Step 3: Navigating the JupyterLab Interface

The following features are availabe in the JupyterLab Interface:

  • Left sidebar: Click on a tab to change what you see in the left menu bar. Options include the file browser, a list of running kernels and terminals, a command palette, a notebook cell tools inspector, and a tabs list.
  • Left menu bar:
    • The file browser will be active when you log in.
      • You can navigate to your other CURC directories by clicking the folder next to /home/<username>. Your other CURC file systems are available too: /projects/<username>, /pl/active (for users with PetaLibrary allocations), /scratch/summit/<username> (Summit only), and /rc_scratch/<username> (Blanca only).
      • To open an existing notebook, just click on the notebook name in the file browser (e.g., mynotebook.ipynb).
      • Above your working directory contents are buttons to add a new Launcher, create a new folder, upload files from your local computer, and refresh the working directory.
  • Main Work Area: Your workspaces will be in this large area on the right hand side.

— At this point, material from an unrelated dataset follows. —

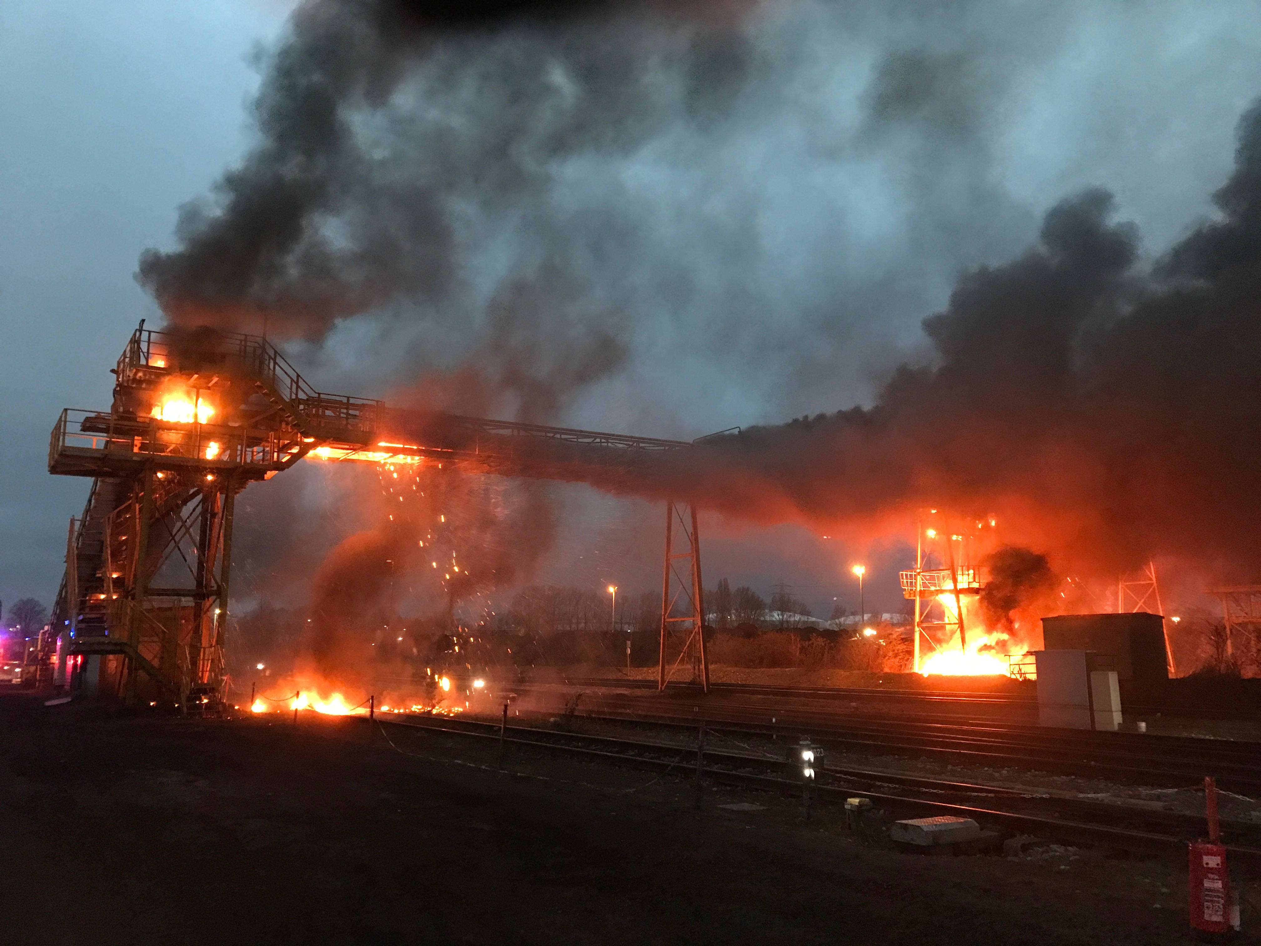 Im Kohlehafen Bottrop brach ein Brand aus, der eine Förderbandbrücke zerstörte. Dank massivem Wassereinsatz konnte eine weitere Ausbreitung des Feuers verhindert werden.
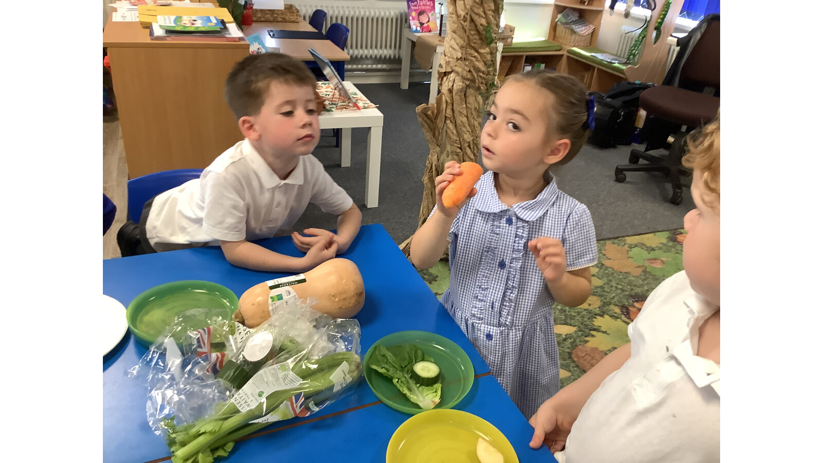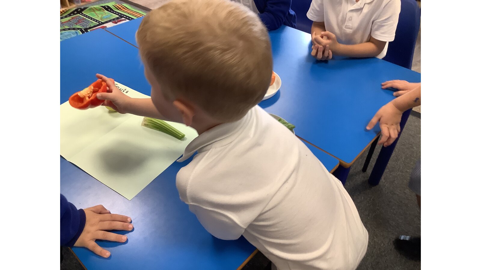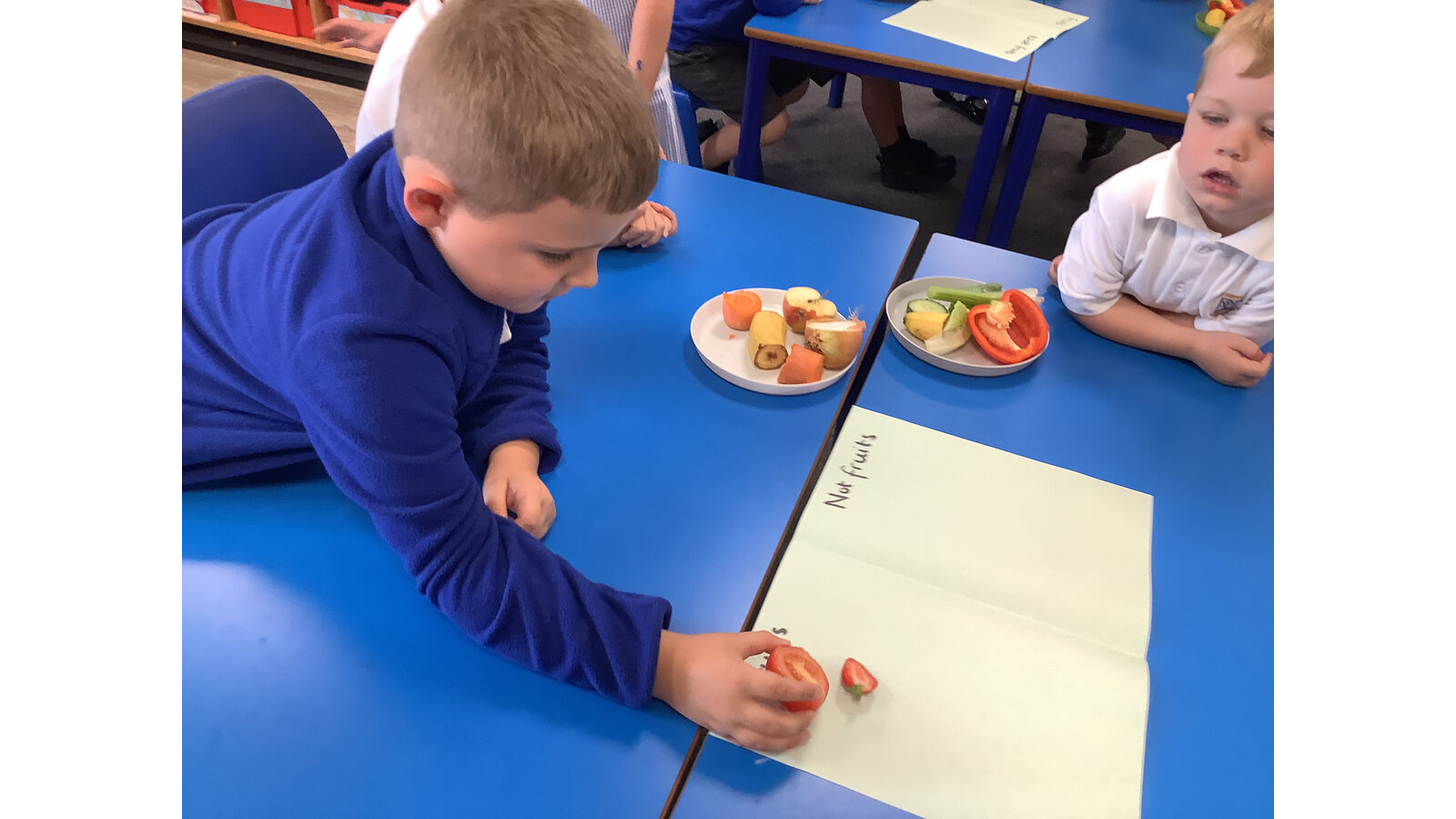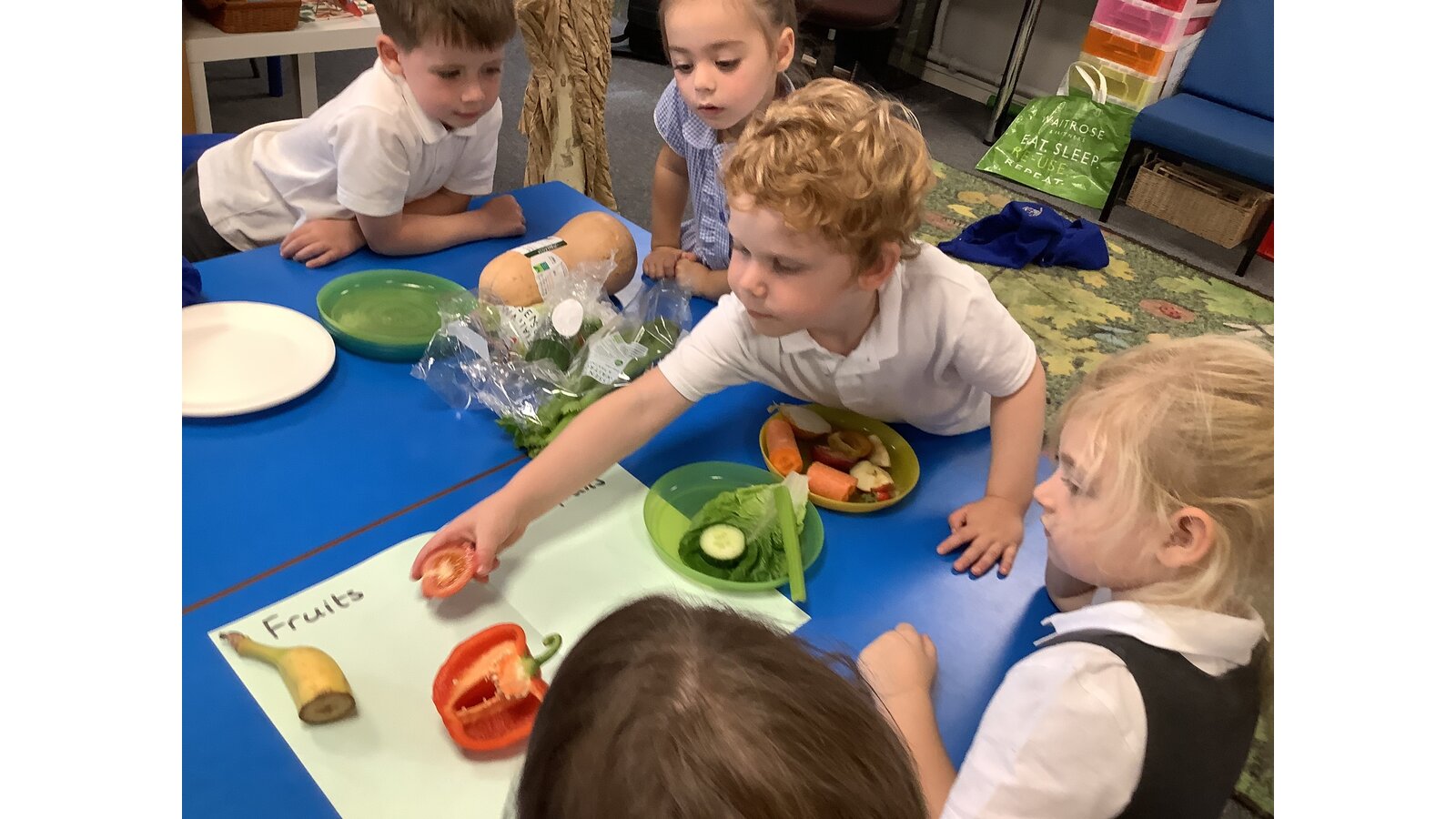 We have been investigating the difference between fruit and vegetables and sorting them.

Under the “Launcher” tab you can:
    • Open a new notebook with any of the kernels listed:
      • Python 3 (idp): Python3 notebook (Intel Python distribution)
      • Bash: BASH notebook
      • R: R notebook
      • …and any other custom kernels you add on your own (see the section below on creating your own custom kernels).
    • Open a new console (command line) for any of the kernels.
    • Open other functions; the “Terminal” function is particularly useful, as it enables you to access the command line on the Summit or Blanca node your Jupyterhub job is currently running on.
  • See Jupyter’s documentation on the JupyterLab Interface for additional information.

Tip for finding the packages available to you within a notebook

The Python 3 (idp) notebook kernels have many preinstalled packages. To query a list of available packages from a python notebook, you can use the following nomenclature:

from pip._internal import main as pipmain 

If the packages you need are not available, you can create your own custom environment and Jupyter kernel.

For users who prefer the “old school” classic Jupyter interface in favor of JupyterLab

You can access the Jupyter classic view by going to the address bar at the top of your broswer and changing “lab” to “tree” in the URL. For, example, if your session URL is https://jupyter.rc.colorado.edu/user/janedoe/lab, you can change this to https://jupyter.rc.colorado.edu/user/janedoe/tree .

Step 4: Shut down a Notebook Server

Go to the “File” menu at the top and choose “Hub Control Panel”. Use the Stop My Server button in the Control Panel to shut down the Jupyter notebook server when finished (this cancels the job you are running on Summit or Blanca). You also have the option to restart a server if desired (for example, if you want to change from a “Summit Interactive” to a “Summit Haswell” server).

Alternately, you can use the Quit button from the Jupyter home page to shut down the Jupyter notebook server.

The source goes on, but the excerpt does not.